[mcphage]

This one is my favorite, too—it really highlights what the job of a mathematician is. The board is the board, and the dominos either fit or they don’t, and it’s not clear why. But once someone adds the checkerboard shading—not changing the problem at all, but just adding a new way to look at it—suddenly the solution falls out, clear and obviously true.

[brennanpeterson]

I am curious. Are all boards that have equal white and black tiles counts solvable?

[dmurray]

Yes, by induction. Suppose the total number of squares is 2n. Remove any domino that doesn't disconnect the board, and reduce to the problem for 2n - 2.

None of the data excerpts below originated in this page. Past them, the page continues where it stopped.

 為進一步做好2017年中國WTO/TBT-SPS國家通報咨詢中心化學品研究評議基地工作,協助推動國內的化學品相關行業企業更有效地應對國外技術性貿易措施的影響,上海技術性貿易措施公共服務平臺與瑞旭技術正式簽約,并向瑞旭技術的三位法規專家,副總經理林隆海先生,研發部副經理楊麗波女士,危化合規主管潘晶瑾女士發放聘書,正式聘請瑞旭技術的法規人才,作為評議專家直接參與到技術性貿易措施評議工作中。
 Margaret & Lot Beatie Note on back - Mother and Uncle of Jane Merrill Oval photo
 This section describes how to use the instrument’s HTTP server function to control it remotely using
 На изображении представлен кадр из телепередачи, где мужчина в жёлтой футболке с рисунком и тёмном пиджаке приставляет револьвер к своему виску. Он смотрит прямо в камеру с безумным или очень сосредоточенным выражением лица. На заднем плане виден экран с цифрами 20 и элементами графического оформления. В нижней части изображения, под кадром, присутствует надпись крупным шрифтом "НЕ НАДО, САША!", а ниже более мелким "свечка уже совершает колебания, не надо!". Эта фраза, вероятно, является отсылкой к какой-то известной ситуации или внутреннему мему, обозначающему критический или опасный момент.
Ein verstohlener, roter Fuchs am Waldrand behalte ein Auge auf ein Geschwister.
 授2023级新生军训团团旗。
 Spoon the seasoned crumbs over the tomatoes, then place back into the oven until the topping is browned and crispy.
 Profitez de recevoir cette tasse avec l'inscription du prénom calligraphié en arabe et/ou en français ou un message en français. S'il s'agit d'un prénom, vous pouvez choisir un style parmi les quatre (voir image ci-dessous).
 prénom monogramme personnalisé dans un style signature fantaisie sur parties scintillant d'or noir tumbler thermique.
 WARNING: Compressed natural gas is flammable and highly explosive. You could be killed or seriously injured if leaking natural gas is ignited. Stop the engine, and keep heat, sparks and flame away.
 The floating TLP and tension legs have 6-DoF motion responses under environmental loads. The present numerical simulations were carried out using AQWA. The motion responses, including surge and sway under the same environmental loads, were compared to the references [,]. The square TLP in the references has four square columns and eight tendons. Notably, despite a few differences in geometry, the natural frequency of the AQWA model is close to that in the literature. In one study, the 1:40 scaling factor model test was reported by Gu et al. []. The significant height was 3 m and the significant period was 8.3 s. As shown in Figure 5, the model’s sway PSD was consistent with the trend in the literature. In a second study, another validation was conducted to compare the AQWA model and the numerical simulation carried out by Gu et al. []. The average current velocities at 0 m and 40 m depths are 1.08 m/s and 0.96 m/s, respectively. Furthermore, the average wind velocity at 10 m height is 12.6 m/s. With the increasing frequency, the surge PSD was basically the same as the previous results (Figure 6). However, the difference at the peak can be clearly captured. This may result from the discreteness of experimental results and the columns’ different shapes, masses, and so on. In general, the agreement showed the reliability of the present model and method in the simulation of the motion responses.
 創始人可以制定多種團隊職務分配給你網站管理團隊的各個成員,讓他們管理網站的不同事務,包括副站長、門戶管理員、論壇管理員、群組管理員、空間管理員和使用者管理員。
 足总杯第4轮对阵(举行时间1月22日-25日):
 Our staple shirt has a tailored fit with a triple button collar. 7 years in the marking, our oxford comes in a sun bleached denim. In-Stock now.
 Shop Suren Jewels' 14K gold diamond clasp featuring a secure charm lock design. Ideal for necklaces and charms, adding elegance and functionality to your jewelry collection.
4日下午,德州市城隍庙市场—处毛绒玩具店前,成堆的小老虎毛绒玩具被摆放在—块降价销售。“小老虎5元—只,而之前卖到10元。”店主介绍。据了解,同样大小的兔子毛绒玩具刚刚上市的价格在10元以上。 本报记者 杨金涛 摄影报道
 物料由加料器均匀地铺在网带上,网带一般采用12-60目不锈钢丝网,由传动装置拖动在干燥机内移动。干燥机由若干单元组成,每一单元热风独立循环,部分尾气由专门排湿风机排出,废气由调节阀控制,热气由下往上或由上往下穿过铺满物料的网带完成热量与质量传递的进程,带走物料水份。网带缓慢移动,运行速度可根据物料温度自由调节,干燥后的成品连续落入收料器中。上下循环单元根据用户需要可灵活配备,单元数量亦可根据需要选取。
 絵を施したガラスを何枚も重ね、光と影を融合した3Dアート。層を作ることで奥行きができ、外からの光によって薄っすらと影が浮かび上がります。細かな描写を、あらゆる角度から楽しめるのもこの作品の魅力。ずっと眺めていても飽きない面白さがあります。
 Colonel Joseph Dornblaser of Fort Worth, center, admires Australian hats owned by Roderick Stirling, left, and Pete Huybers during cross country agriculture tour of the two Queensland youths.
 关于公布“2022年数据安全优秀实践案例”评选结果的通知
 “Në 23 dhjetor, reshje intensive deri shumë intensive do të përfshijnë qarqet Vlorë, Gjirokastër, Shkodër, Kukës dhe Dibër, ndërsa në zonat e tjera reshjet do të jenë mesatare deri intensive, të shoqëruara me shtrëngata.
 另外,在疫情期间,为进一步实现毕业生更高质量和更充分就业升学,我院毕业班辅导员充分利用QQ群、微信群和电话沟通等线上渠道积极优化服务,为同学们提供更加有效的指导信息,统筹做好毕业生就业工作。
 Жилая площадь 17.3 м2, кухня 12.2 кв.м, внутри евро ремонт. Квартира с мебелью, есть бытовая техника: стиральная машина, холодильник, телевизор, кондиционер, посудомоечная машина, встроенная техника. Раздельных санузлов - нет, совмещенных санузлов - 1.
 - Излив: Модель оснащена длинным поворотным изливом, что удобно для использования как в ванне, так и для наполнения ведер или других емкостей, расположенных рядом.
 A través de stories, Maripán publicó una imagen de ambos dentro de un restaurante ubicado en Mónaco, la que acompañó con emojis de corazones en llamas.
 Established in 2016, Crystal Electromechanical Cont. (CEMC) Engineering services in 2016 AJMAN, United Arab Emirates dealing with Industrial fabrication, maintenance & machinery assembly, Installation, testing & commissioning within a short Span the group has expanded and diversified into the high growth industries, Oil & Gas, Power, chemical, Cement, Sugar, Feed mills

Alternative proof: no, by example. Consider the shape made up by the X's in

  XXX
  .X.
  .X.
  XXX

(All maths proofs should be presented alongside a proof of the opposite result, to allow the reader to judge which one is likely to have slipped something past you. My favourite presentation following this rule is Mental Poker [0] by the authors of RSA.)

[0] https://people.csail.mit.edu/rivest/pubs/SRA81.pdf

[Karliss]

Slightly more interesting example which isn't disconnected is a H letter consisting of 8 blocks. 3 blocks high and 2 in the horizontal section.

[mcphage]

Nope—consider a black and white square, disconnected. But if they don’t have equal black and white counts, then they’re definitely not solvable.